我看着,我,看着我。
噪点频闪,淹没镜面边缘的光,漫过肩头,无序地涌堵在眼眶周围。世界仅剩下这双眼,熟悉的阴翳和疲倦从中隐现,溢出电路板熔融的气味。
我是一个服务员,穿廉价的衬衫马甲,点单、洗杯子、清理呕吐物,严谨礼貌地迎来送往,像反复演出同一个桥段的演员。

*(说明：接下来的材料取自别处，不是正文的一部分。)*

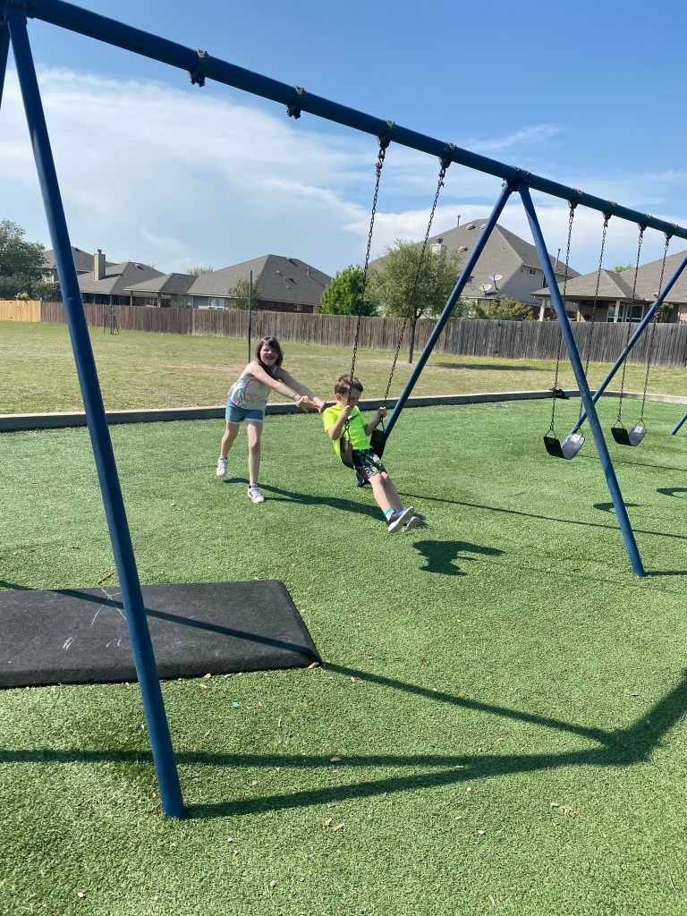 Afterwards we went to go get Vivienne’s sweater which she had left at the playground, and Trevor wanted to play. He had been cooped up for so long but I also didn’t want to strain him so I set a 10 minute timer and let them play. It turned into a mini Yes Day because after that they had popsicles at home, and then asked if they could have a water balloon fight. Yes. All the things. Our baby is home! Everyone had fun and didn’t get mad at each other which is a common issue with water balloon fights. Then they all had a bath because they were soaking wet and covered in grass.

这个地方叫雨乡,在文峰大厦的二十一楼。白领下班时,雨乡营业,客人进门前需要询问贵姓,是否预约过,强调只卖单一麦芽和特调鸡尾酒。通过冗杂自矜的仪式感,让土鳖们感到高级,是雨乡最独特的卖点。
来这里的头三个月,我记住了店内所有威士忌的品牌、口味和产区,熟悉服务流程,从C级吧员升到B;后三个月背下了上百款鸡尾酒的配方,并经历了一场演习,从B级吧员升到了A。
演习那天,Nick假装身边有女朋友,抱怨店里最贵的酒不够贵;Pete假装喝多了,让我下楼给他买啤酒;Tony假装很欣赏我,非得互换微信;Anne点了一份火腿,我假装拿给她,她说这明明什么都没有;老宋趴在吧台上,假装吐了一地,要纸巾,可我已经把纸巾塞到他手里了,他还是大声嚷嚷着纸巾,纸巾,纸巾。
“纸巾!”
噪点溃散,镜面昏暗,镜中灰溜溜的我,神情惶恐。散台区的一桌客人愤怒地招呼我,桌面洒了层红稠的酒水,一个男人举着沾着酒水的手。
我从小吧台抽出一沓纸巾递过去,说:“不好意思。”
他愤恨接过纸巾擦手,用骂娘的语气吼道:“纸!巾!你没听见啊?”
Nick从吧台过来,示意我跟他走到一边。
“没休息好吗?”
一句很电视剧的问候,欲抑先扬,我等着他接下来的难听话。
“还行。”
“在外场都这样,走十来个小时,谁也受不了,以后累了去库房坐会儿。”
“嗯?”
“老宋……找你没有?”
“还没有,估计明后天吧。”
“像刚才那桌,家里都是做生意的,有点钱,但自己拿不出多少。卡二那儿一来就点红酒火腿,说明懂这个,现在还聊得挺高兴,肯定还会点酒,没事多盯着那边儿。”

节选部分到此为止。